Only a small proportion of the billions of pounds spent on Scotland’s renewable energy drive will reach the local economy and create jobs, a financial analyst has claimed.
Citigroup senior utilities analyst Peter Atherton says the argument that the roll-out of renewable energy will provide a huge jobs boost does not hold water, as the same money would be spent in the domestic economy if it was left in consumers’ pockets.
“Given that renewable power is subsidised by both business and domestic consumers, there would be a jobs benefit if that money was just left with them to spend on other things,” he said.
“Wind farms are capital- intensive operations that require relatively few people to build and operate them – therefore they are not great investments if the purpose is job creation.”

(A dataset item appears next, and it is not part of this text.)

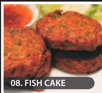
08. FISH CAKE
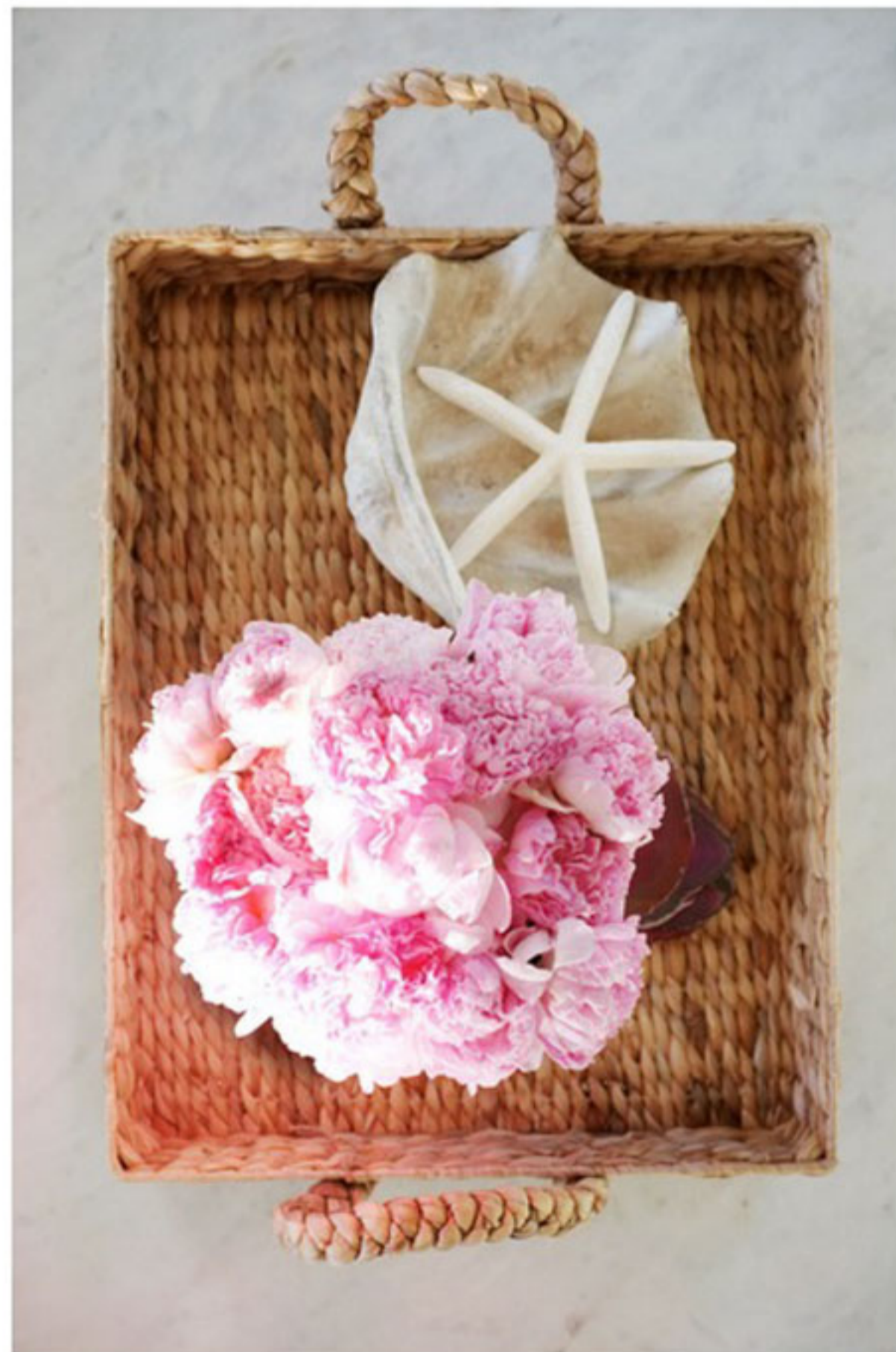
A rattan tray acts as a textural table element.

He said only around 10 per cent of the construction cost of the latest offshore wind farms is being spent in the UK, with 90 per cent going to foreign suppliers.
Most of the wind turbines currently being installed around Britain are made in Denmark, Germany and Spain – the countries that invested the most in wind power in the past decade.
However, there are hopes that a manufacturing industry in Scotland will spring up as the roll-out of wind farms gathers pace. Earlier this year, Spanish firm Gamesa said it would build a wind turbine factory in Leith.
SSE, one of the keenest renewables investors out of the “big six” energy companies, says it is building a “sustainable supply chain”, including new sites in Scotland, that will push down the cost of wind energy.
It wants to build Scotland’s first offshore wind turbine test site in Ayrshire and plans to site a “comprehensive supply chain” in Dundee with Forth Ports, Scottish Enterprise and the city’s council.
But the fact that several of Britain’s big six are foreign-owned – and money to build the renewables infrastructure will have to be borrowed – will see a large chunk of the revenues from the industry siphoned off by international investors.
Atherton said: “A 1,000MW offshore wind farm would have revenue of some £560 million a year at current levels of subsidy and power prices. But only around £60m of this revenue would get recycled to the local economy through operating the asset.
“The other £500m would go to pay interest on the debt and provide a return for shareholders. If the wind farm was built by a foreign company then these monies would leave Scotland.”
The analyst was in Edinburgh last week to address the Scottish Parliament’s economy, energy & tourism committee.
Scottish Renewables, the green energy trade association, said wind power supports the majority of the 11,000 jobs in the renewables sector in Scotland and it is the main driver of investment in the electricity grid.
Chief executive Niall Stuart said: “The vast majority of the investment in wind power goes into goods and services that Scottish companies can bid for, such as engineering works, grid connections, access tracks and operations and maintenance.”
He said the industry had attracted inward investment, while some of the money came from banks with a strong presence in Scotland.
Scottish companies employ “significant numbers of people” in renewables and export their services abroad, Stuart added.